The Debt Keeps Growing - Desperate Students

The sign at the Occupy Wall Street demonstration revealed the struggles of America’s young: “A B.A., $30,000 in student debt and no job.” Young people are graduating from college into the worst jobs market since the 1930s while carrying record levels of student debt. The sad truth of Occupy Wall Street is that for many of the young activists, Wall Street occupied them first.

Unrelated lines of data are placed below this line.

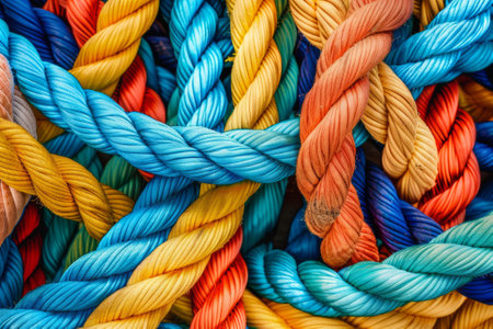 Intertwined ropes of diverse colors symbolize unity and synergy in teamwork, forming a strong, cohesive bond.
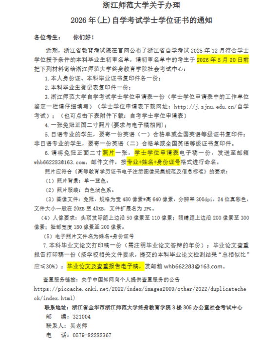 浙江师范大学关于办理2026年(上)自学考试学士学位证书的通知
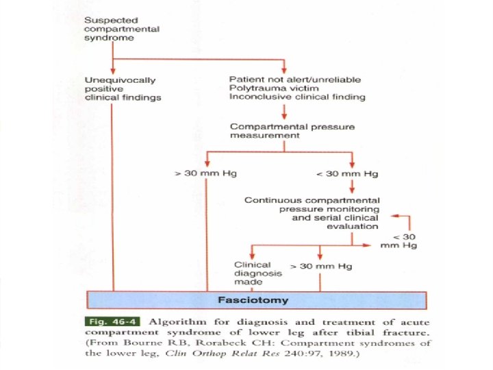 Treatment: The single most effective treatment for acute compartment syndrome is: Fasciotomy ( single/ double incision)
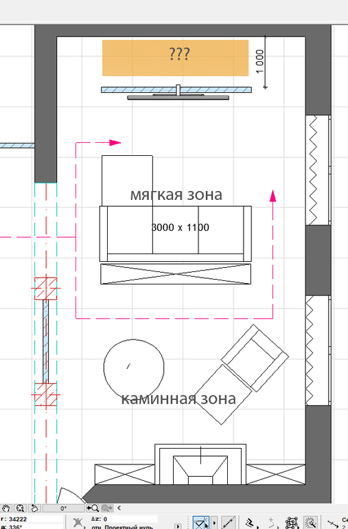 Есть готовый дом, вот такая там гостиная с каминной зоной. Заказчики хотят разделить ее на каминную и мягкую зону, что логично. И есть у меня в голове такой вариант разделения, но лишний метр от длины этой гостиной остается. (Понятно, что можно телек больше повесить, диван подвинуть и т.д. - это в других вариантах планировок есть). Такая скрытая часть.
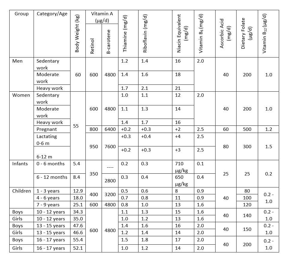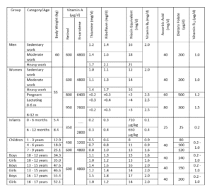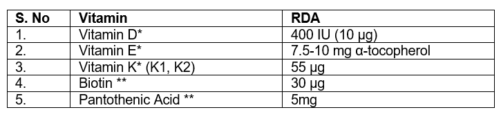 Recommended Dietary Allowance (RDA) for Water Soluble and Fat-soluble Vitamins for Indians – 2010

Students are borrowing twice what they did a decade ago, even adjusting for inflation. Debt has doubled in just five years. Student debt is likely to exceed $1 trillion over the next year.

As states cut back on college support and grants, college tuitions have risen faster than the cost of homes, health care or energy. Americans believe a college education is key to their children’s future, so more and more borrow what they can.

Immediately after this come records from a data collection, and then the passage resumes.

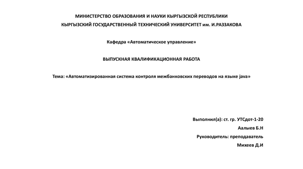 МИНИСТЕРСТВО ОБРАЗОВАНИЯ И НАУКИ КЫРГЫЗСКОЙ РЕСПУБЛИКИКЫРГЫЗСКИЙ ГОСУДАРСТВЕННЫЙ ТЕХНИЧЕСКИЙ УНИВЕРСИТЕТ им. И.РАЗЗАКОВА
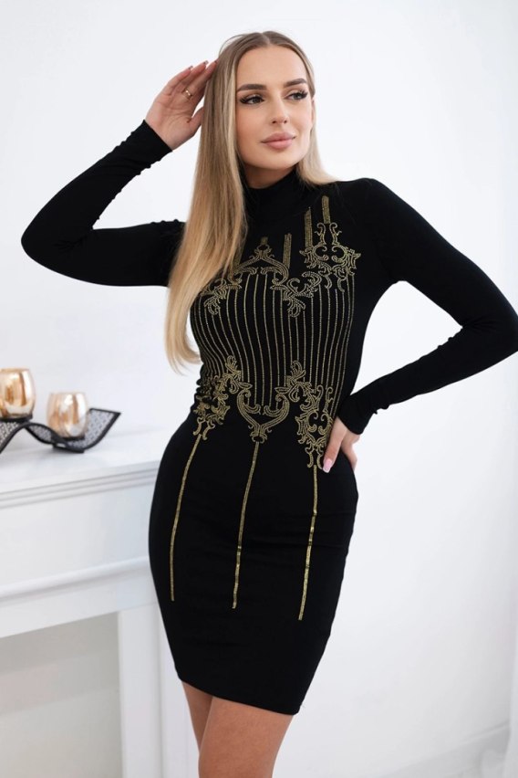 Sukienka dzianinowa ze złotym wzorem z cyrkonii czarna
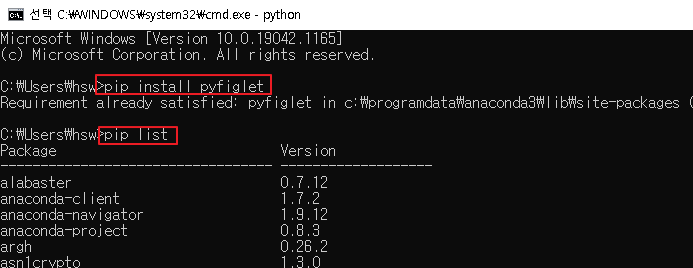 pyfiglet 이라는 패키지를 설치하였다.

Students are now graduating with average debts of over $24,000. When I speak to families in mining towns in Appalachia, I ask how many have lost a job, how many face foreclosure, how many face costly medical bills. Many hands go up. But when I ask how many worry about student loans, the biggest portion of the audience stands up. It is working families — families stretching to give their children the chance that they never had — who are taking on the greatest debt and are at the greatest risk.

The banking industry has used its clout to make these loans the harshest of all debt. They survive bankruptcy. The lenders have broad collection powers, far greater than with a mortgage or a credit card. They can garnish wages or even Social Security payments. When payments are missed, penalties are brutal. Students who graduate and then lose their job suddenly find themselves owing twice what they signed up for.

Why should big banks be able to get virtually interest-free money from the Federal Reserve, while students are forced to pay far higher interest rates? Why should bankruptcy courts be able to rewrite mortgages on the vacation homes of the wealthy while student loans are untouchable? Students need legislation to allow their loans to be refinanced in bankruptcy court, or forgiven. Why don’t we provide students with the grants or low-cost loans the banks get?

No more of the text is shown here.